To expectations like these advice and slight assistance are as the mere drop of water to the parched tongue of thirst; and so I found it. I could neither encourage them in their hopes of such legislative changes as would greatly ameliorate their condition, nor flatter them in the delusion that none of their misfortunes were of home origin; and thus, if they felt gratitude for many kindnesses, they reposed no confidence in my opinion. The trading patriot, who promised much while he pocketed their hard-earned savings; the rabid newspaper writer, who libelled the Government and denounced the landlord,—were their standards of sympathy; and he who fell short of either was not their friend.
In a word, the social state of the people was rotten to its very core. Their highest qualities, degraded by the combined force of poverty, misrule, and superstition, had become sources of crime and misery. They had suffered so long and so much, their patience was exhausted; and they preferred the prospect of any violent convulsion which might change the face of the land, whatever dangers it might come with, to a slow and gradual improvement of condition, however safe and certain.
To win their confidence at the only price they would accord it, I never could consent to; and without it I was almost powerless for good.

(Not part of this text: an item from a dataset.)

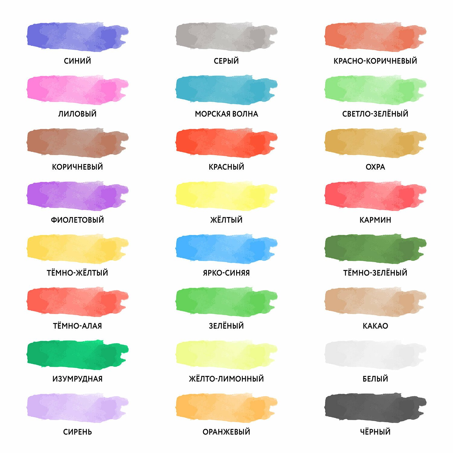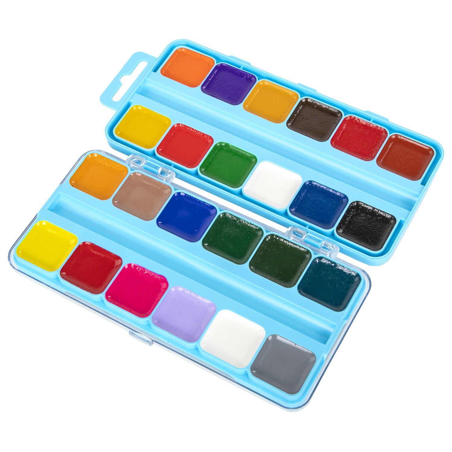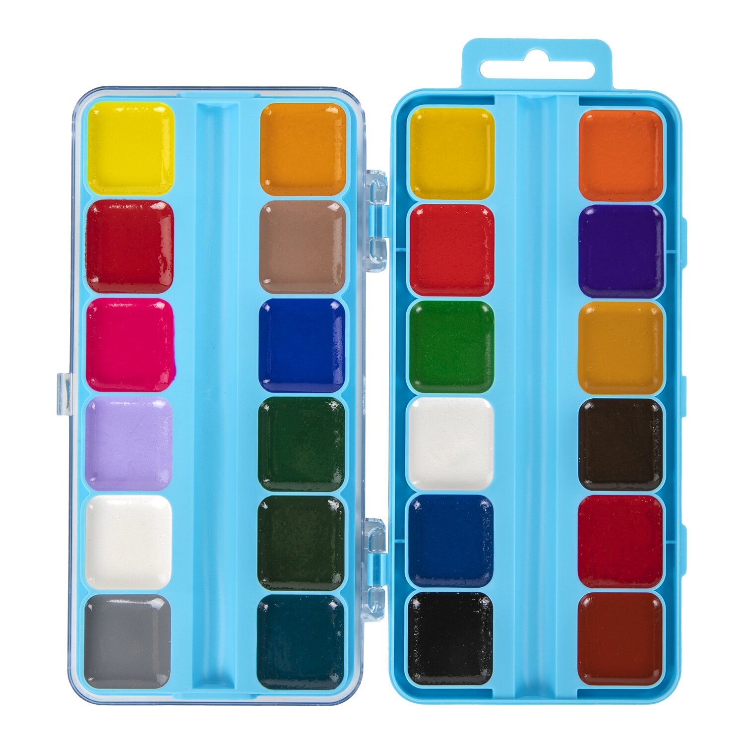 24 ярких насыщенных цвета отлично смешиваются между собой и позволяют создать множество оттенков, обеспечивают однородное окрашивание. Краски быстро высыхают и не портятся со временем. Безопасны для детей, нетоксичны. Выпускаются в пластиковом пенале с прозрачной крышкой, квадратной формой кювет и отделением для кисточки. Упаковка обладает компактными размерами и легким весом.

Here again, therefore, did I find closed against me another avenue for exertion; and the only one of all I could have felt a fitting sphere for my labor. The violence of their own passionate natures, the headlong impulses by which they suffered themselves to be swayed, left them no power of judgment regarding those whose views were more moderate and temperate. They could understand the high Tory landlord, whom they invested with every attribute of tyranny, as their open, candid opponent; they could see a warm friend in the violent mob-orator of the day; but they recognized no trait of kindness in him who would rather see them fed than flattered, and behold them in the enjoyment of comfort sooner than in the ecstasy of triumph.

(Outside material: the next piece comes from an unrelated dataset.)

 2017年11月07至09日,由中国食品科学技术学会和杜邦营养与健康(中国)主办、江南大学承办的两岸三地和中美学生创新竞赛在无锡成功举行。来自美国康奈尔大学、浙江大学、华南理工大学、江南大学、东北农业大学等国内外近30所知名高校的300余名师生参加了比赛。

From “Darby the Blast”—for he was now a member of my household—I learned the light in which I was regarded by the people, and heard the dissatisfaction they expressed that one who “sarved Boney” should not be ready to head a rising, if need be. Thus was I in a false position on every side. Mistrusted by all, because I would neither enter into the exaggerations of party, nor become blind to the truth my senses revealed before me, my sphere of utility was narrowed to the discharge of the mere duties of common charity and benevolence, and my presence among my tenantry no more productive of benefit than if I had left my purse as my representative.